HGF-MSCs alleviate lung injury in RA-ILD mice
Through a comprehensive comparison of the lungs in different groups of mouse models, it was found that the lungs of RA-ILD exhibited hemorrhagic necrosis. After mesenchymal stem cells (MSCs) treatment, the hemorrhagic necrosis of the lungs in the model group was significantly reduced (Figure 2A). As demonstrated by hematoxylin and eosin (H&E) staining of lung tissues (Figure 2 B and C), when compared with the control group, the model group (RA - ILD) had a reduced alveolar area, thickened alveolar septum, and increased pulmonary interstitial inflammatory cells infiltration. After MSCs treatment, the infiltration of pulmonary interstitial inflammatory cells decreased, and pulmonary interstitial proliferation was significantly improved. The MSCs-Hgf rescue group (RA-ILD+MSCs-Hgf) showed the lowest degree of lung injury. Additionally, TUNEL was used to detect the apoptosis of cells in different groups. The results confirmed that the apoptosis of lung cells in the model group (RA - ILD) was notable, and the apoptosis of lung cells in the MSCs-Hgf rescue group (RA-ILD+MSCs-Hgf) was significantly reduced (Figure 2 D, E). These results confirmed that MSCs-Hgf rescue could inhibit the infiltration of inflammatory immune cells and reduce the apoptosis of lung cells, thereby alleviating the inflammatory injury of the RA-ILD lung.
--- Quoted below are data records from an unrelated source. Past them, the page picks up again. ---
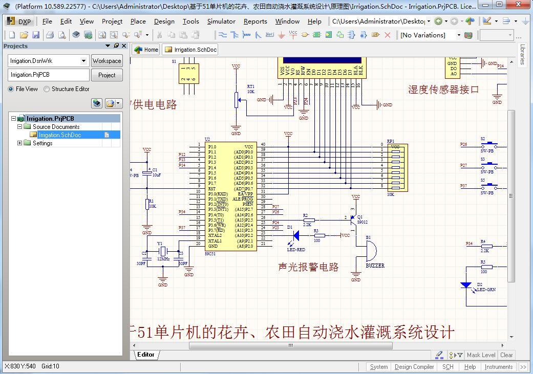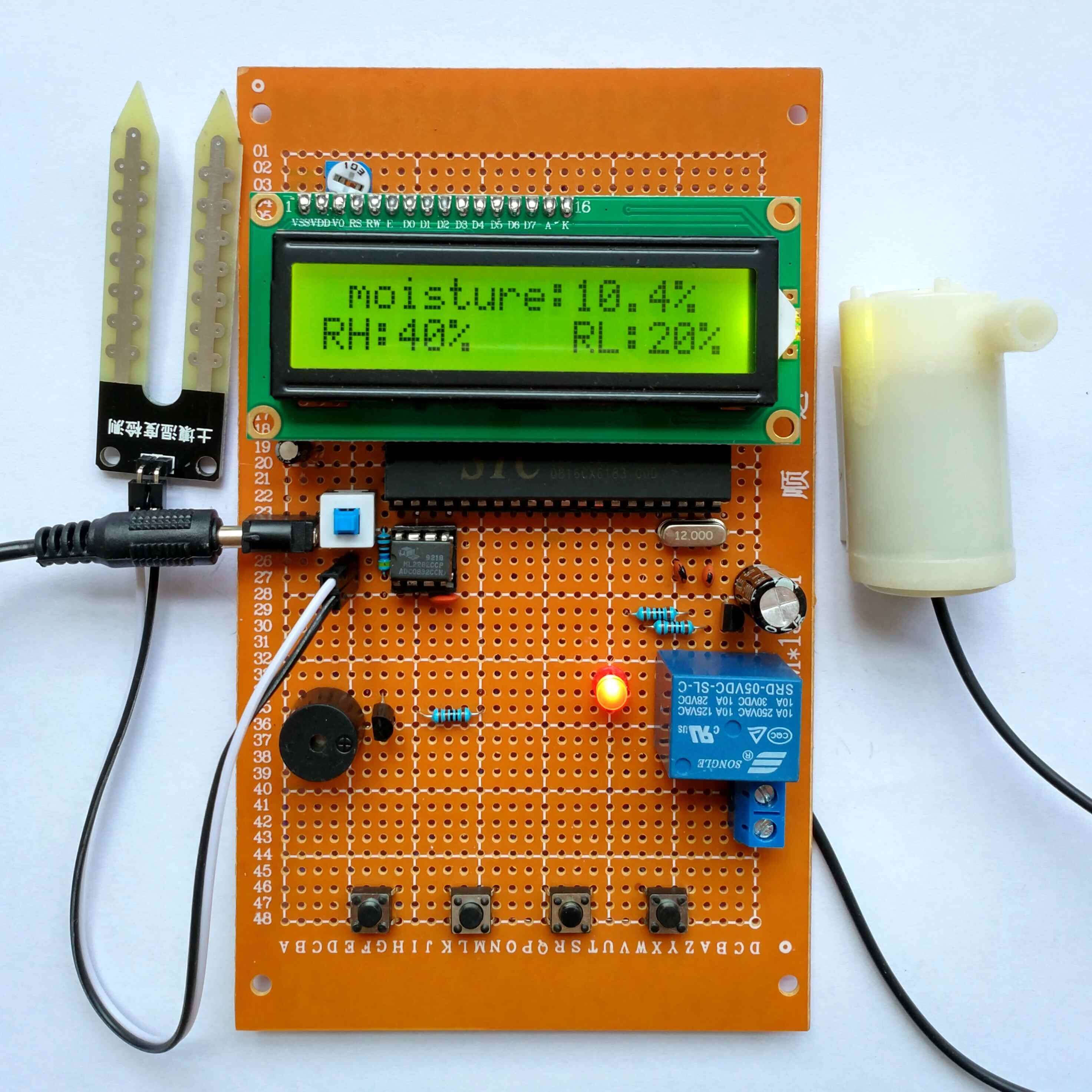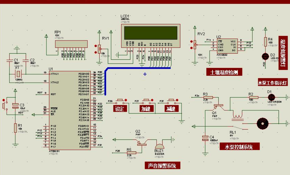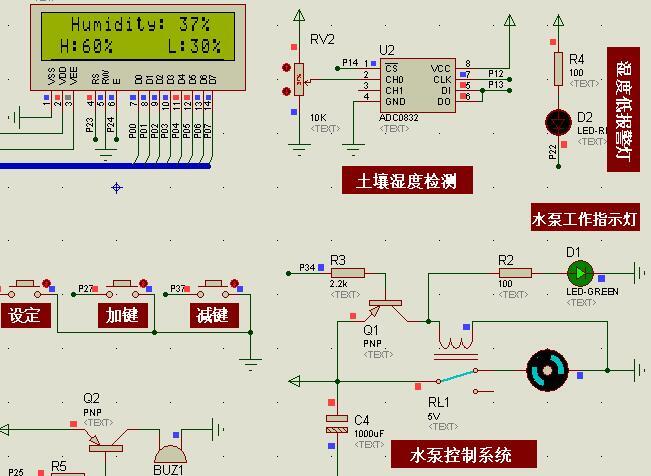 当土壤湿度低于下限时,驱动水泵工作进行灌溉浇水,并提供声光报警。设计获取,蒋宇智QQ(2327603104)。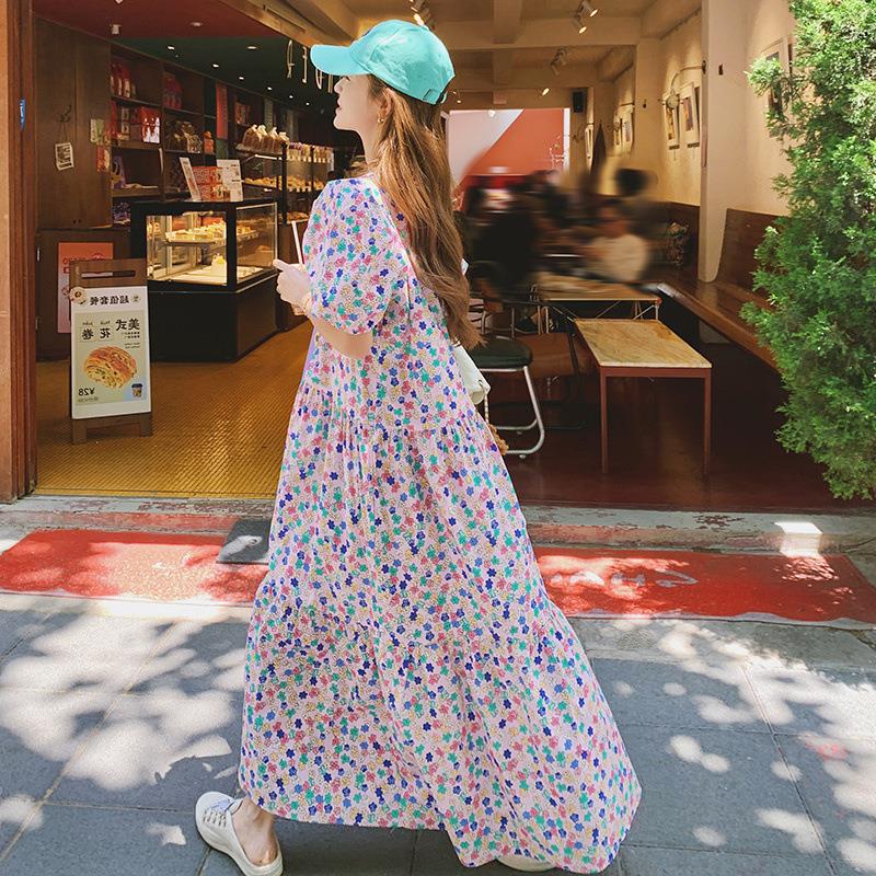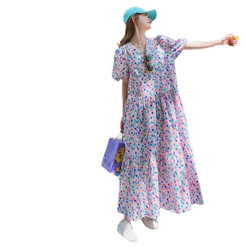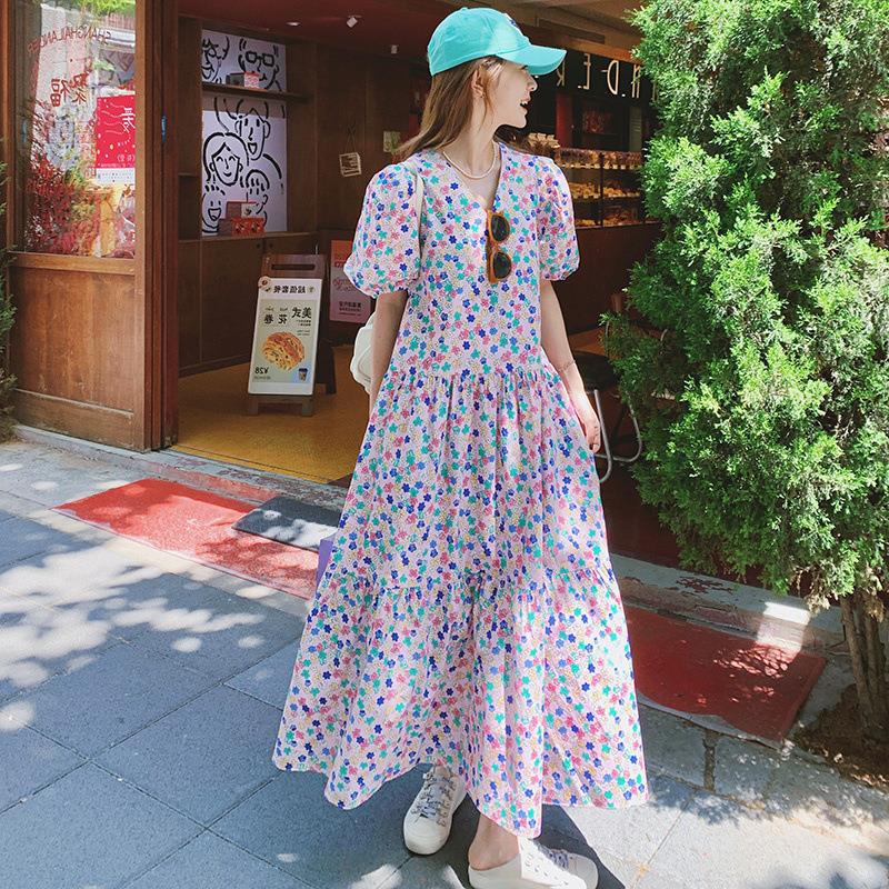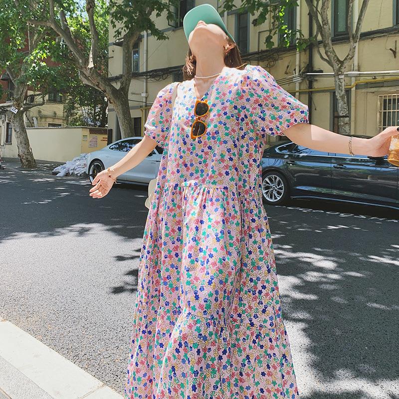 实拍ins彩色碎花V领泡泡袖少女感宽松减龄拼接裙摆系带收腰连衣裙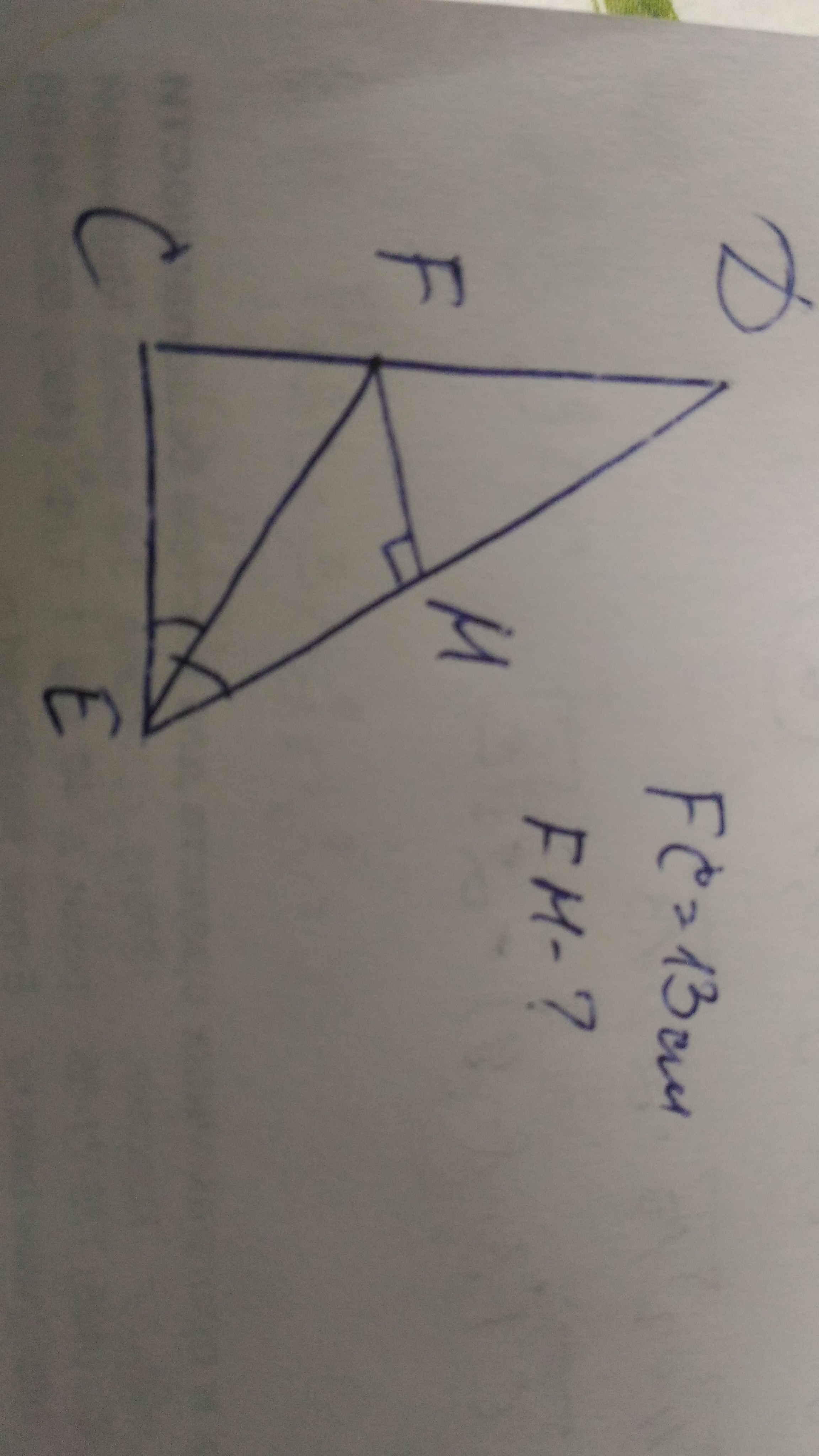 )В прямоугольном треугольнике DCE с прямым углом С проведена биссектриса EF, причём FC = 13 см. Найдите расстояние от точки F до прямой DE.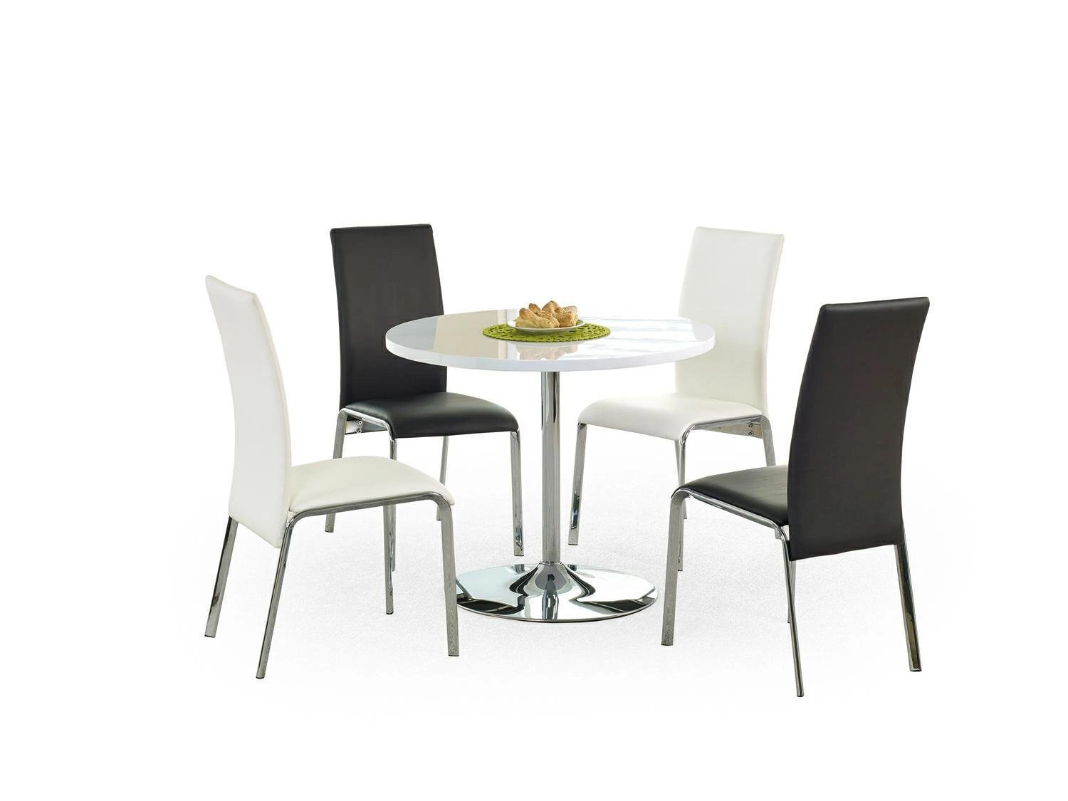 Kulatý jídelní stůl Izab od značky Intesi spojuje eleganci glamour stylu s funkčností moderního designu. Kulatá deska o průměru 90 cm v klasické bílé barvě je podepřena jedinou výraznou nohou s chromovaným leskem. Tento originální kus nábytku, navržený speciálně do jídelny, nabízí pohodlí při každodenním stolování i posezení s blízkými.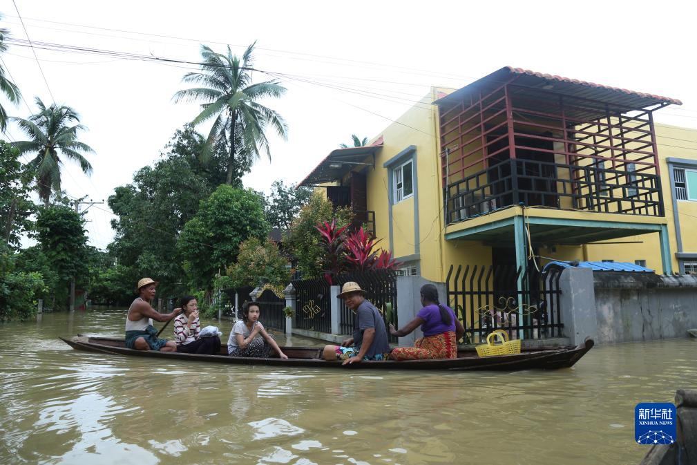 8月12日,在缅甸勃固镇洪灾区,人们乘船出行。新华社发(苗觉梭摄)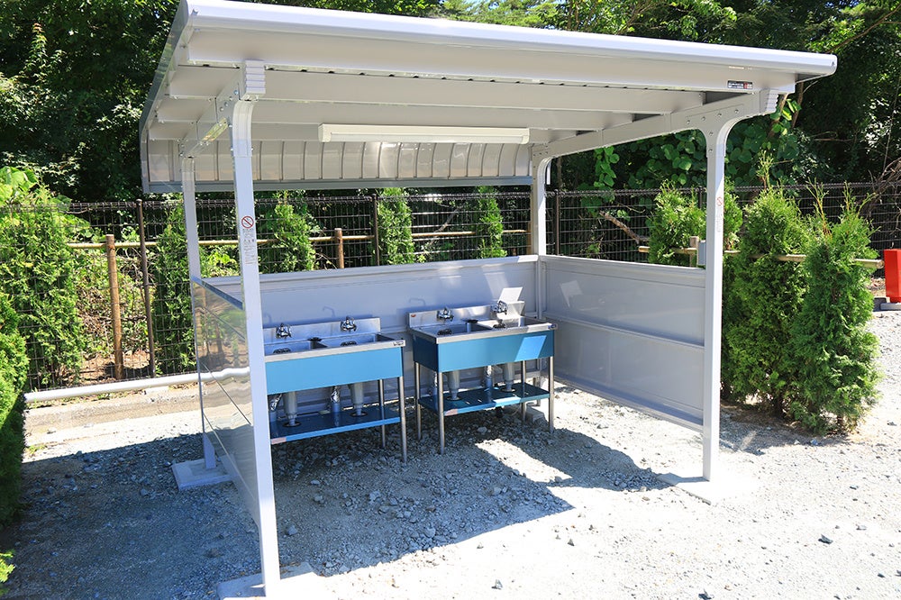 サイトのそばに炊事場が2つ併設されており、水が必要になったときや洗い物ですぐに利用できます。

Conclusions: Our research group has successfully constructed HGF-modified MSCs and a mouse model of RA-ILD. Subsequently, we used HGF-MSCs to treat the RA-ILD mouse model. It was found that HGF-MSCs can notably alleviate the pathological damage to joints and lungs, suppress the infiltration of immune inflammatory cells, and decrease cell apoptosis in the RA-ILD mouse model. These findings provide a basis for the subsequent development of precise stem cells therapy for RA-ILD.
REFERENCES: NIL.
Acknowledgments: NIL.
Disclosure of Interests: None declared.